The Dollar, Sterling and Australian Dollar all weakened about 0.5% in trade-weighted terms last week while the Swiss Franc and Kiwi Dollar were broadly unchanged. Conversely, the Euro was one of the stand-out performers among major currencies, gaining about 1.5%. The meeting between US and Chinese representatives on 22-23 August to resolve disputes over trade and import tariffs ended without an agreement and, as planned, both sides introduced on 23rd August reciprocal tariffs of 25% on imports worth $32bn in aggregate.
US Dollar
The Dollar weakened about 0.5% last week but has been broadly stable since Friday. While US macro data remain robust and the Federal is still on course to hike rates at its September and potentially December meeting, Dollar bulls were seemingly disappointed by Chairperson Powell’s balanced comments at the Jackson Hole Economic Symposium on Friday. He clearly left the door open to two more 25bp rate hikes this year but emphasised that macro data would continue to guide gradual Federal Reserve rate hikes as well as risks to growth from the US-Chinese trade war.
Euro
The Euro was the second best performing major currency last week (behind the South African Rand), appreciating about 1.5% in trade weighted terms. The Euro’s appreciation was broad-based, with the EUR/USD cross up over 2% and the Euro up against all major currencies bar the Rand and a handful of central European currencies.

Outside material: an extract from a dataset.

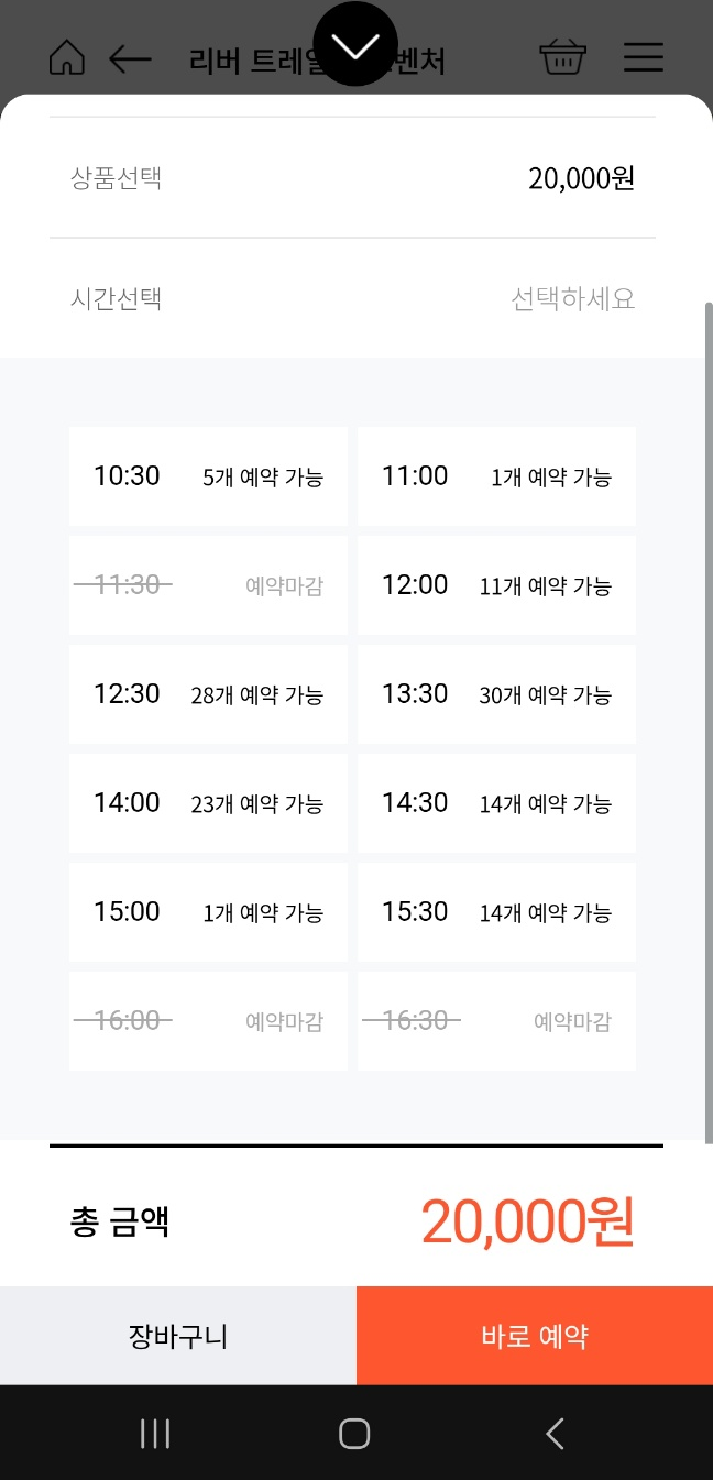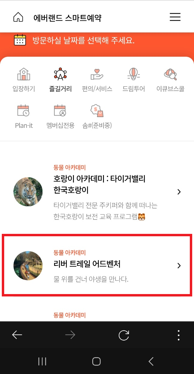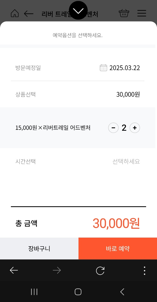 - '리버 트레일 어드벤처' 검색 후 체험 날짜 및 시간 선택

It was seemingly a case of investors looking for reasonably priced currencies backed by the prospect of tighter central bank monetary policy and decent macro fundamentals. At the same time markets appear to be ignoring for now threats from the Italian government to withhold contributions to the EU budget of €14bn per annum if EU member states did not accept the 177 immigrants which the Italian navy recently rescued.
The European Central Bank’s minutes of its August meeting revealed little new of note but did re-confirm that the ECB planned to start tapering its QE program as of October.
The (preliminary estimate) of the Eurozone Composite PMI, a leading indicator for the manufacturing and services sector which closely tracks Eurozone GDP growth, was broadly unchanged in August at 54.4 after having dropped from 54.9 in June and a multi-year high of 58.8 in February. This provided some welcome relief after Eurozone GDP growth slowed to 2.2% yoy in Q2 from 2.5% yoy in Q1. The rise in the German IFO business climate index to a higher-than-expected 103.8 in August from 101.7 in July, based on data released today, is further evidence that economic growth in the Eurozone and its largest economy may have stabilised or even improved slightly in early Q3.
Finally, reports on 21st August suggesting that Commerce Secretary Wilbur Ross had likely pushed back his timetable for the publication of his recommendations regarding tariffs on auto imports, including from the EU, likely eased concerns for large European car manufacturers and by extension the Euro currency market.
Sterling
Sterling lost a bit of ground last week with markets unimpressed by the first batch of 24 “technical notices” which the British government released in order to prepare the government, businesses and households in the event of the UK leaving the EU on 29th March without a deal in place. These notices were indeed technical in nature and heavy-going for all but the most assiduous reader and the more controversial notices – expected to be released last – could put Sterling under further pressure.
Australian Dollar
The Australian Dollar was choppy last week, buffeted by political turmoil. The appointment of Australia’s seventh prime minister in 11 years initially rattled markets but the Dollar quickly recovered to end the week down only 0.5%. The Aussie Dollar has been broadly stable today and markets are likely to quickly refocus on domestic macro data and the evolution of the Chinese economy and their possible impact on so-far conservative Reserve Bank of Australia monetary policy.